⟨

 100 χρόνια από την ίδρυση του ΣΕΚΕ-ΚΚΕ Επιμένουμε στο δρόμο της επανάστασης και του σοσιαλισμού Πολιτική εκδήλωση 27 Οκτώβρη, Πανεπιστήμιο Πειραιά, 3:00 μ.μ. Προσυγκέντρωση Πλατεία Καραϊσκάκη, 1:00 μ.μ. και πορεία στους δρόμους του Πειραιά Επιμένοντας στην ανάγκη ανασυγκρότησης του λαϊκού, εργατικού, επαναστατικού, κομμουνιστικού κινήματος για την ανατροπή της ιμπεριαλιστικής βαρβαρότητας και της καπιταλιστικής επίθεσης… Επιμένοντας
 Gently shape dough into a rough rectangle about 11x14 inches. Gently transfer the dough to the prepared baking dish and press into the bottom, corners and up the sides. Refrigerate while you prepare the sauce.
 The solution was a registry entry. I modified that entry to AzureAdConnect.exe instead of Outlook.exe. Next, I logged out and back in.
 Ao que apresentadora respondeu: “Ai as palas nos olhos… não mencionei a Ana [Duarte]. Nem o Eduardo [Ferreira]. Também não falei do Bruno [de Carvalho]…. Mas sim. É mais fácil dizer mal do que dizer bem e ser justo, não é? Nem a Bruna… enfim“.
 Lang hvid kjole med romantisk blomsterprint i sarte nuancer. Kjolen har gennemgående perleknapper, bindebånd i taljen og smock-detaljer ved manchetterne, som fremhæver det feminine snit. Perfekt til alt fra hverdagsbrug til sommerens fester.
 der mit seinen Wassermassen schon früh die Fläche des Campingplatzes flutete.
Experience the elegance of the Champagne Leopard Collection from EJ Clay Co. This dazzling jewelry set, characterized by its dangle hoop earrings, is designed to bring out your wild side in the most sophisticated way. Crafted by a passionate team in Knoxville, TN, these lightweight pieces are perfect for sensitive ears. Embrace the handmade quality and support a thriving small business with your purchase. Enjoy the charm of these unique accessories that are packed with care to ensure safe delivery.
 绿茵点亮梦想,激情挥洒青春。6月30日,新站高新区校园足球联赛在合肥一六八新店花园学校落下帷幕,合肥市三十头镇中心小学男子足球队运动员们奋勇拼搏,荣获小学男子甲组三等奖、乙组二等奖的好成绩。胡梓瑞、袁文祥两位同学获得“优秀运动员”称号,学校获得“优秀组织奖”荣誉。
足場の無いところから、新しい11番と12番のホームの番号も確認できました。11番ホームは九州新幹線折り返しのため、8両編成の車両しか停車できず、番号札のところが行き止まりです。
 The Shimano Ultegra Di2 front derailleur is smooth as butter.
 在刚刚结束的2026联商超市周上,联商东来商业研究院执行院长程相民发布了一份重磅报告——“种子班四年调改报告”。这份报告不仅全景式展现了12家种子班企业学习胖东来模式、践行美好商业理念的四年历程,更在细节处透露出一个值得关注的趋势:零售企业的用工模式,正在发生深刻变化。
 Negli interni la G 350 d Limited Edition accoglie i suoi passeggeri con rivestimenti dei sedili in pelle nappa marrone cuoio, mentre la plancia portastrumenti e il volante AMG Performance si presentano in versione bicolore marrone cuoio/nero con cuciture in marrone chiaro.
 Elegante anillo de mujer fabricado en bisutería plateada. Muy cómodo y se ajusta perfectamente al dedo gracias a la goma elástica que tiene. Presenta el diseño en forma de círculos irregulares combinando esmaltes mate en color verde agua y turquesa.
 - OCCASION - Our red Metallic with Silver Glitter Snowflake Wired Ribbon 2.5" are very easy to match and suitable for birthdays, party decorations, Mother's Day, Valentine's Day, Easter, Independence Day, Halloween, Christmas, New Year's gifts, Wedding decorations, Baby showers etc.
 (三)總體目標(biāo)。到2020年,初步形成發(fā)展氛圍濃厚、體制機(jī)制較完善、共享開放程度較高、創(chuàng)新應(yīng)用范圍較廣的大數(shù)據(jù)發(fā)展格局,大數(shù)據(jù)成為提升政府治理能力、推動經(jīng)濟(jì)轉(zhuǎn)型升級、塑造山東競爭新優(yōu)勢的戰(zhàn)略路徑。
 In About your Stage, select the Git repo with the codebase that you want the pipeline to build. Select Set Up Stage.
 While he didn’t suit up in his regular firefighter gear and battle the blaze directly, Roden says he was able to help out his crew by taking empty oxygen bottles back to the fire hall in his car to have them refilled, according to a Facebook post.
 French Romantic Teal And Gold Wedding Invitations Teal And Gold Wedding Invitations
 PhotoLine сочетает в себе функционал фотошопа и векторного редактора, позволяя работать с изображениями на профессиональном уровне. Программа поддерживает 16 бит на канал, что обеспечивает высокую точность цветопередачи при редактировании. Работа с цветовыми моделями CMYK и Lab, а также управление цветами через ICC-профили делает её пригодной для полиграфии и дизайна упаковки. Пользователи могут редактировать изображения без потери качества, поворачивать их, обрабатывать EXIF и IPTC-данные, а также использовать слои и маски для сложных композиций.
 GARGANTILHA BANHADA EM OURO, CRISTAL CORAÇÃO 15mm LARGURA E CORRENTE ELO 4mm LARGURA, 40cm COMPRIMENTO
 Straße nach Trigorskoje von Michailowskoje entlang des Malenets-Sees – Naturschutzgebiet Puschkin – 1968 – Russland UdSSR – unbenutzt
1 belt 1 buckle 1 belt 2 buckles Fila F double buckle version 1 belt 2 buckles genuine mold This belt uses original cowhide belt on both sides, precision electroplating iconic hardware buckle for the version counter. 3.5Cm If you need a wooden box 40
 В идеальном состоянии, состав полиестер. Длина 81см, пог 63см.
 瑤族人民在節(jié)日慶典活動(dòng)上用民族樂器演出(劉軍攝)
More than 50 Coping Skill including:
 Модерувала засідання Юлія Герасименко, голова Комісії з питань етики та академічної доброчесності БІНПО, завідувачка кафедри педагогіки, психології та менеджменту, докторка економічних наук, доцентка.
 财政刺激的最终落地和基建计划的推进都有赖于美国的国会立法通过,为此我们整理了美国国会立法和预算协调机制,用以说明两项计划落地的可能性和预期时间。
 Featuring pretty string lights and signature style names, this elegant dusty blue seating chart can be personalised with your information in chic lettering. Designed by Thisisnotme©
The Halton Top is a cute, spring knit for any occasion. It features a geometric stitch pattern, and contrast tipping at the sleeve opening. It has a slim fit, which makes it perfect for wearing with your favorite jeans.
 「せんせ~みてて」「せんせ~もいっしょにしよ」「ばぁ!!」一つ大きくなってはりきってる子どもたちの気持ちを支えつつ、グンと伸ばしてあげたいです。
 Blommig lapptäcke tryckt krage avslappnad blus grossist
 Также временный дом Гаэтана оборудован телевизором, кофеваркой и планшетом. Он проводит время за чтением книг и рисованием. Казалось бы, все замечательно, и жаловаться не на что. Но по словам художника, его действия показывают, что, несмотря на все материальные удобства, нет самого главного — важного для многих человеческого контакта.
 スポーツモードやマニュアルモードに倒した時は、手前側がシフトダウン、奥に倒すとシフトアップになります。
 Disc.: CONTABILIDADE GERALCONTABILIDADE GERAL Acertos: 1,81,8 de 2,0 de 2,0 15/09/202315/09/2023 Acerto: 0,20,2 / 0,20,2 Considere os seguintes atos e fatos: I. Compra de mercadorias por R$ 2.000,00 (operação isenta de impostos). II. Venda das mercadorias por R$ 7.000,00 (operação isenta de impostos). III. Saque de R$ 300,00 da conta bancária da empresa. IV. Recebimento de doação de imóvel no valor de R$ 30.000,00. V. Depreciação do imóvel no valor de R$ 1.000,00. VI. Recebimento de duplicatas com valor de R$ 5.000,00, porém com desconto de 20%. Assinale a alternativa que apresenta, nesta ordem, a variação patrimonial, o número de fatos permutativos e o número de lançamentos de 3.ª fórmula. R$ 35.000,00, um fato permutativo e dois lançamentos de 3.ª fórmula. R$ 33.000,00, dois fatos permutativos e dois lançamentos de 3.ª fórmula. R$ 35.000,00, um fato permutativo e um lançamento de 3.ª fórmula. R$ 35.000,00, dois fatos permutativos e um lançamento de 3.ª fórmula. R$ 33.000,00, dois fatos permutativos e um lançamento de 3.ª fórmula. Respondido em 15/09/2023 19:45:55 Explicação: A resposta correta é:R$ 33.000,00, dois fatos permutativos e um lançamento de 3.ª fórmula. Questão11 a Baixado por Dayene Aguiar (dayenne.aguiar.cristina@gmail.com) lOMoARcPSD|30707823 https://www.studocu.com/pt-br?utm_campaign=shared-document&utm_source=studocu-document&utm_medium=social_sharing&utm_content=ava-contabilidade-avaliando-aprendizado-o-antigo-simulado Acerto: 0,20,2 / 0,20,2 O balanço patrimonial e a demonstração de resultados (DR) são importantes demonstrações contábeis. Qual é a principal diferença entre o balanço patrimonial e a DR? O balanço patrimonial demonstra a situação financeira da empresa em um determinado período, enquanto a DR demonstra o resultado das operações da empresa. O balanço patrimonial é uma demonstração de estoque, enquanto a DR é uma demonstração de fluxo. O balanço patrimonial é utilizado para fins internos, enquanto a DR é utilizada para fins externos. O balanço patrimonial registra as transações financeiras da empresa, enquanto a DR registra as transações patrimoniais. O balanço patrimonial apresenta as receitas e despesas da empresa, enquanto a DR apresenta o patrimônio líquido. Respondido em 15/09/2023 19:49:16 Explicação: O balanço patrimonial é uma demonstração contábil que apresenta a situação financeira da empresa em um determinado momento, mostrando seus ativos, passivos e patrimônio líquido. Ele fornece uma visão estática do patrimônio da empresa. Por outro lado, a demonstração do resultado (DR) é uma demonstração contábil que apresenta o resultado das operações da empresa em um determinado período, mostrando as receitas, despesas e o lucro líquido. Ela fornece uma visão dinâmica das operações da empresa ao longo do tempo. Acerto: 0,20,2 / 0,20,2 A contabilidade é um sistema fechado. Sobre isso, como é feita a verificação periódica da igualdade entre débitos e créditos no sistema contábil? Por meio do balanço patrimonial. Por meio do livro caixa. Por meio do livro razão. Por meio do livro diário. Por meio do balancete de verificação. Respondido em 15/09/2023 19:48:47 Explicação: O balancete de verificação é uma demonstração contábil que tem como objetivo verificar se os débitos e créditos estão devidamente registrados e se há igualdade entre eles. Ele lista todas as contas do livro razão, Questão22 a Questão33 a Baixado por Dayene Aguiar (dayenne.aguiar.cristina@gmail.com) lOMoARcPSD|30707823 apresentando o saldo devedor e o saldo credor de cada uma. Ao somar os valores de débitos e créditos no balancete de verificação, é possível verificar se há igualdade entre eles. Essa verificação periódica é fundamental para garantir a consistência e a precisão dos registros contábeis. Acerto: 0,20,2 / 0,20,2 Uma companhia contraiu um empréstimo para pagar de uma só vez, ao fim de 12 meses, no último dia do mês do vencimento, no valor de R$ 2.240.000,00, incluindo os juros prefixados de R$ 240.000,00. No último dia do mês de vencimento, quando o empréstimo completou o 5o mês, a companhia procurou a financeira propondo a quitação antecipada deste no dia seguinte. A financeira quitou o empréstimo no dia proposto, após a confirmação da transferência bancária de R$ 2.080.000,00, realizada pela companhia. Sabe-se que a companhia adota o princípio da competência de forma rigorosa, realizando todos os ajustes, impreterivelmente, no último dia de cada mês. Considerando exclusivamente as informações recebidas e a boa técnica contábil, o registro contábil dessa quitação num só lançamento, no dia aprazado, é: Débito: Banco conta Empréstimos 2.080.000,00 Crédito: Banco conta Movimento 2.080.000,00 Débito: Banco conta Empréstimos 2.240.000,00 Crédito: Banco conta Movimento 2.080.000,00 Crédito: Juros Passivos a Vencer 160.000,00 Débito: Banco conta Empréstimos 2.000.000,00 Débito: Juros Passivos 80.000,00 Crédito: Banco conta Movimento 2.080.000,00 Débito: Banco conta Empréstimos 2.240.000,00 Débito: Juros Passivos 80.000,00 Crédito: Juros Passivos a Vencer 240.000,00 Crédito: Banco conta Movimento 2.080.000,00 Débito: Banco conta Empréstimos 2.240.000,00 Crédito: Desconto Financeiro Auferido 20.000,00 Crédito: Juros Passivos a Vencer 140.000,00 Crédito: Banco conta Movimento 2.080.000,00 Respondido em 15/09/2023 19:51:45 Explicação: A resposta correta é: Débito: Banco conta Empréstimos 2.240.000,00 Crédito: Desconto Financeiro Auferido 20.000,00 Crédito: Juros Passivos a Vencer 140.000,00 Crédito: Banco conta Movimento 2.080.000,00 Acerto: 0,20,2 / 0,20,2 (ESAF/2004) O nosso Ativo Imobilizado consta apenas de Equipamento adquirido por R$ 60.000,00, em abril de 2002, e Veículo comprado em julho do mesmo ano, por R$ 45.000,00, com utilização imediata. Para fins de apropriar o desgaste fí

⟩

** What you need to do **
Retype the portion of the data above that starts on the line with "In About your" and finishes on the line with "Straße nach Trigorskoje", including both of those lines.

** Answer space **
 In About your Stage, select the Git repo with the codebase that you want the pipeline to build. Select Set Up Stage.
 While he didn’t suit up in his regular firefighter gear and battle the blaze directly, Roden says he was able to help out his crew by taking empty oxygen bottles back to the fire hall in his car to have them refilled, according to a Facebook post.
 French Romantic Teal And Gold Wedding Invitations Teal And Gold Wedding Invitations
 PhotoLine сочетает в себе функционал фотошопа и векторного редактора, позволяя работать с изображениями на профессиональном уровне. Программа поддерживает 16 бит на канал, что обеспечивает высокую точность цветопередачи при редактировании. Работа с цветовыми моделями CMYK и Lab, а также управление цветами через ICC-профили делает её пригодной для полиграфии и дизайна упаковки. Пользователи могут редактировать изображения без потери качества, поворачивать их, обрабатывать EXIF и IPTC-данные, а также использовать слои и маски для сложных композиций.
 GARGANTILHA BANHADA EM OURO, CRISTAL CORAÇÃO 15mm LARGURA E CORRENTE ELO 4mm LARGURA, 40cm COMPRIMENTO
 Straße nach Trigorskoje von Michailowskoje entlang des Malenets-Sees – Naturschutzgebiet Puschkin – 1968 – Russland UdSSR – unbenutzt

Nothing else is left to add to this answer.